Pope John Paul beatified before huge crowd at the Vatican
The late Pope John Paul moved a major step closer to sainthood on Sunday at a ceremony that drew about a million and half people, the largest crowd in Rome since his funeral six years ago. “From now on Pope John Paul shall be called ‘blessed,’” Pope Benedict, wearing white and gold robes, proclaimed in Latin, establishing that his predecessor’s feast day would be October 22, the day of the inauguration of John Paul’s pontificate in 1978.
To the cheers of the crowd, a tapestry showing a smiling John Paul was unveiled after Benedict read the proclamation. St Peter’s Square was packed and the crowd stretched as far back as the Tiber River, more than half a km away. The devotees, many carrying national flags and singing, moved toward the Vatican area from all directions from before dawn to get a good spot for the Mass.
Police estimated the crowd in the Vatican area at about 1.5 million people.

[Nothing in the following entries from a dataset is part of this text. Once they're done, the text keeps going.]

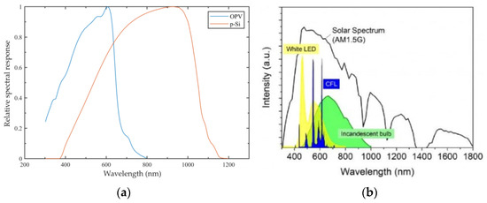Demonstrated (a) OPV and poly-Si relative spectral response [34] and (b) Spectrum of different light sources [35].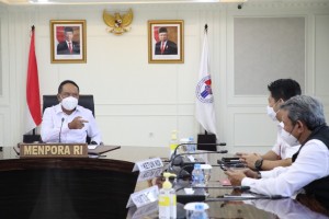 nusakini.com-Jakarta-Menpora Amali didampingi Deputi Peningkatan Prestasi Olahraga Chandra Bhakti dan Stafsus Pengembangan dan Prestasi Olahraga Mahfudin Nigara, menerima President NOC Indonesia (Ketum KOI) Raja Sapta Ok...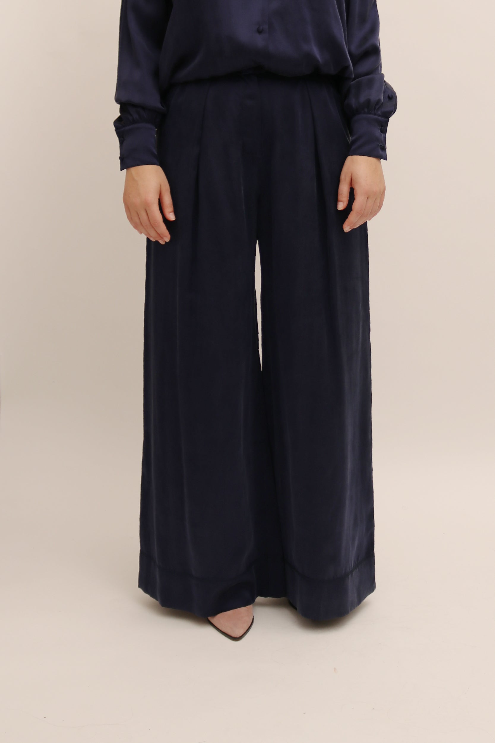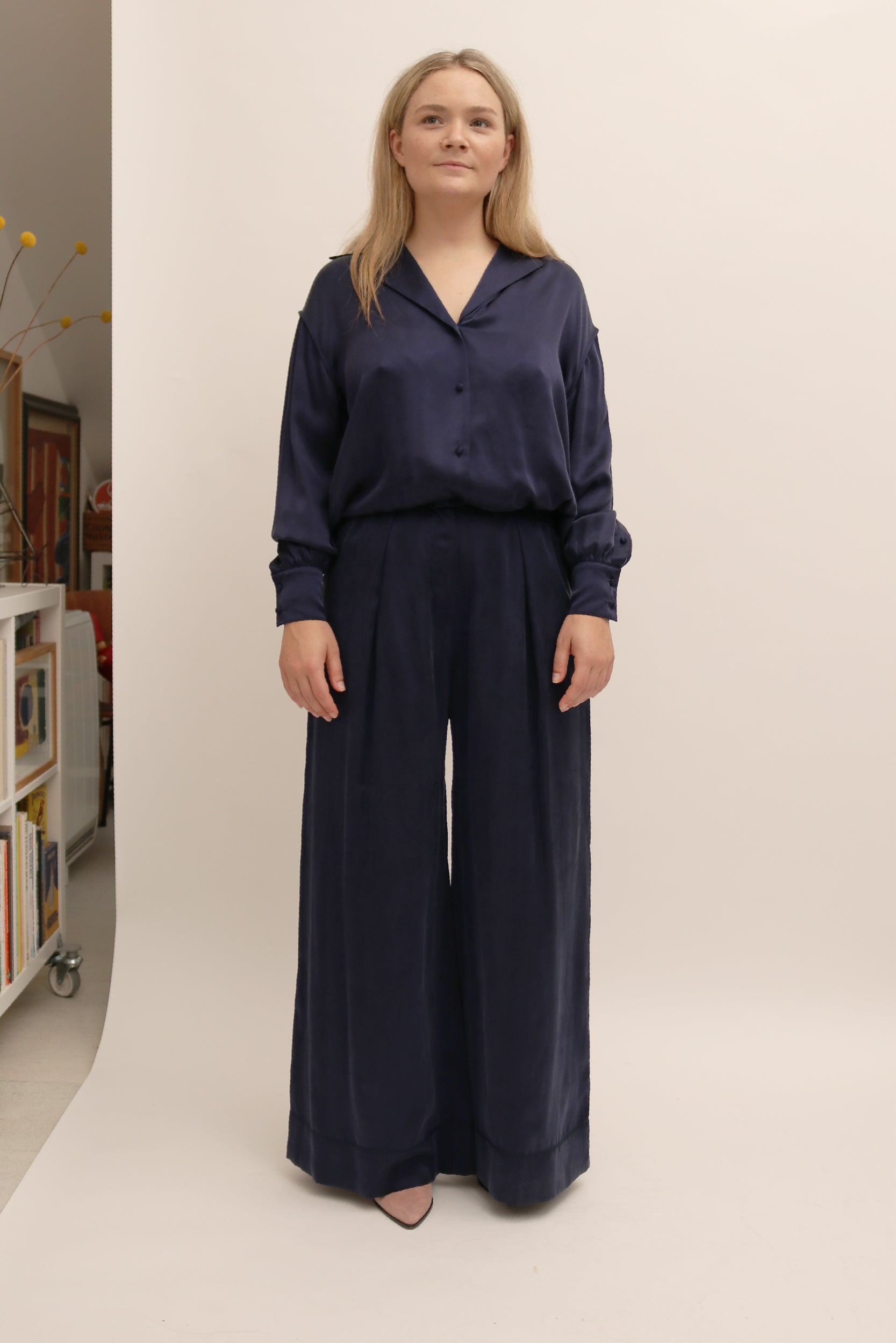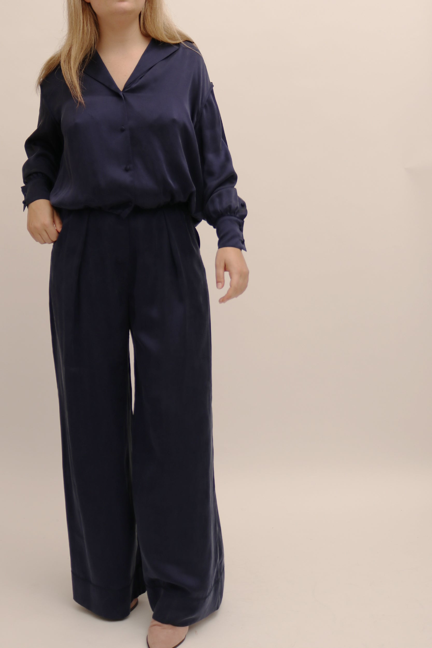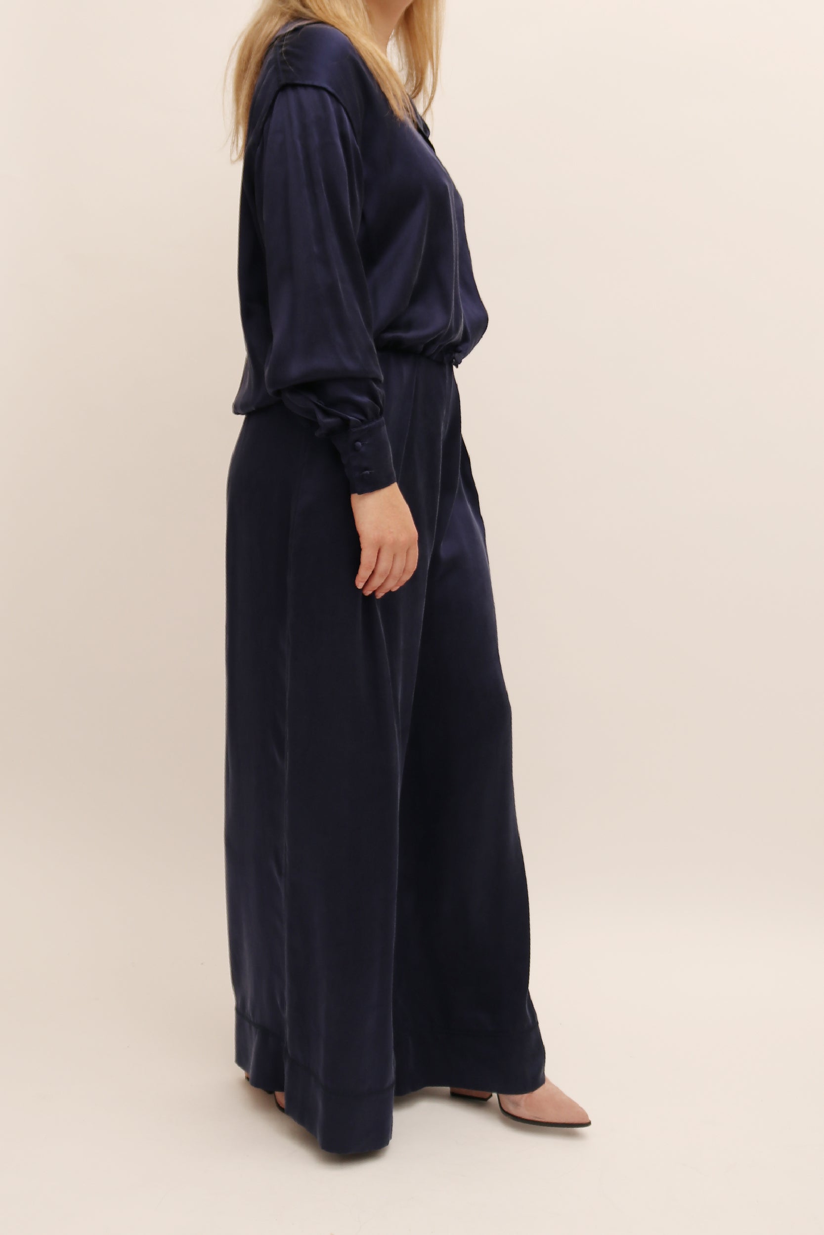 Steventai’s sandwash silk pyjama style co-ord can be worn together for an effortless look but are also equally as strong styled as separates. The trousers feature a high rise with structural pleats that add a fluidity to the wide leg shape and compliment the silk top that is slightly cropped and features a functional drawstring on either side for added versatility.

Many camped out during the night in the square, which was bedecked with posters of the late pope and one of his most famous sayings, “Do not be afraid!”
In his homily, Benedict noted that the late Pope, whom he praised as having had “the strength of a titan” and who gave millions of people “the strength to believe,” had blessed crowds thousands of times from his window overlooking the same square. “Bless us now,” Benedict said.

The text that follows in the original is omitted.